How Do You Solve and Visualize a Homogeneous Differential Equation?

[aznkid310]

Homework Statement

dy/dx = (x + 3y)/(x - y)

A) Solve the Differential Eqn
B) Draw a Direction Field and some integral curves. Are they symmetric w/ respect to the origin?

Homework Equations

I believe i solved the equation correctly, but i don't know how to draw the direction fields and integral curves. I tried plotting y v. y' in order to create the resulting direction field and integral curves, but i don't know what it looks like.

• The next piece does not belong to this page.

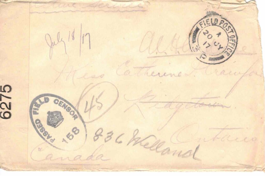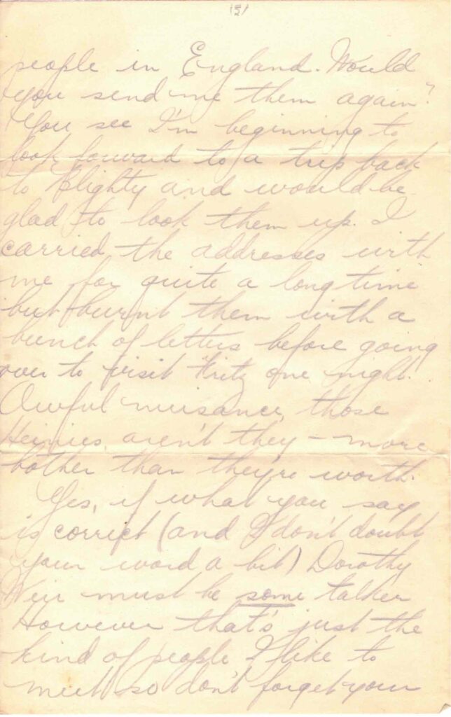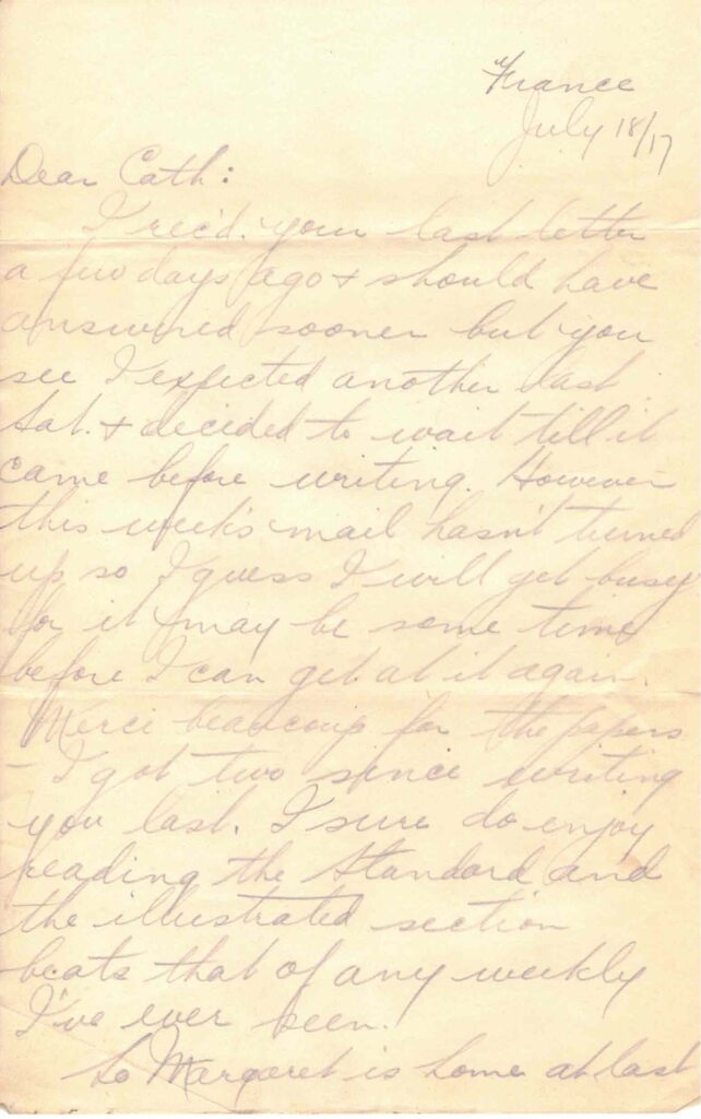 So Margaret is home at last eh. She certainly did arrive at the wrong time though – she should have waited till after you had finished your exams. It’s pretty hard lines to come home for a couple of months holiday and have to start right in washing dishes. I expect she will be getting ready to go back to school again when you get this. Where is she going to teach? And I suppose you will be off to Toronto this fall. Well don’t forget to send me your address [and?] you perhaps remember the addresses your mother sent me last winter – addresses of some of your people in England. Would you send me them again? You see I’m beginning to look forward to a trip back to Blighty and would be glad to look them up. I carried the addresses with me for quite a long time but burnt them with a bunch of letters before going over to visit Fritz one night. Awful nuisance, those Heinies, aren’t they – more bother than they’re worth.

*Also, how do I integrate the left side? I just used an online calculator to get the answer, but i would like to know how to solve this

The Attempt at a Solution

A) After dividing by x and substituting v = y/x:

(1 + 3v)/(1 - v) = xv' + v

v' = (1/x)( (1 + 3v)/(1 - v) - v )

* (1-3v)/(1+3v) - 1/v dv = dx/x

After integrating and solving for c:

C = (2/3)ln(3y/x + 1) - y/x -ln(y/x) - ln(x)
Also, y = -x

 

[benorin]

* Use long division: $$\frac{1-3v}{1+3v}=-1+\frac{2}{1+3v}$$ then

$$\int \left(\frac{1-3v}{1+3v}-\frac{1}{v}\right)\, dv = \int \left(-1+\frac{2}{1+3v}-\frac{1}{v}\right)\, dv = -v+{\textstyle\frac{2}{3}} \ln |1+3v| -\ln |v|+C$$​

A direction field (a.k.a http://mathworld.wolfram.com/SlopeField.html" , see link for a better definition) is a plot of unit vectors with slope determined by the DE (e.g., on our direction field at (5,1) we plot a unit vector with a slope of $y^{\prime}=\frac{5+3}{5-1}= 2$).

An http://mathworld.wolfram.com/IntegralCurve.html" is a particular solution to a differential equation corresponding to a specific value of the equation's free parameters.

 

[tiny-tim]

Hey guys!

Isn't it (1 - v)dv/(1 + v)² ?

 

[benorin]

Thanks tiny-tim.
Oops ...

$$x\frac{dv}{dx}=\frac{1+3v}{1-v}-v$$
$$\frac{1-v}{(1+v)^2}dv = \frac{dx}{x}$$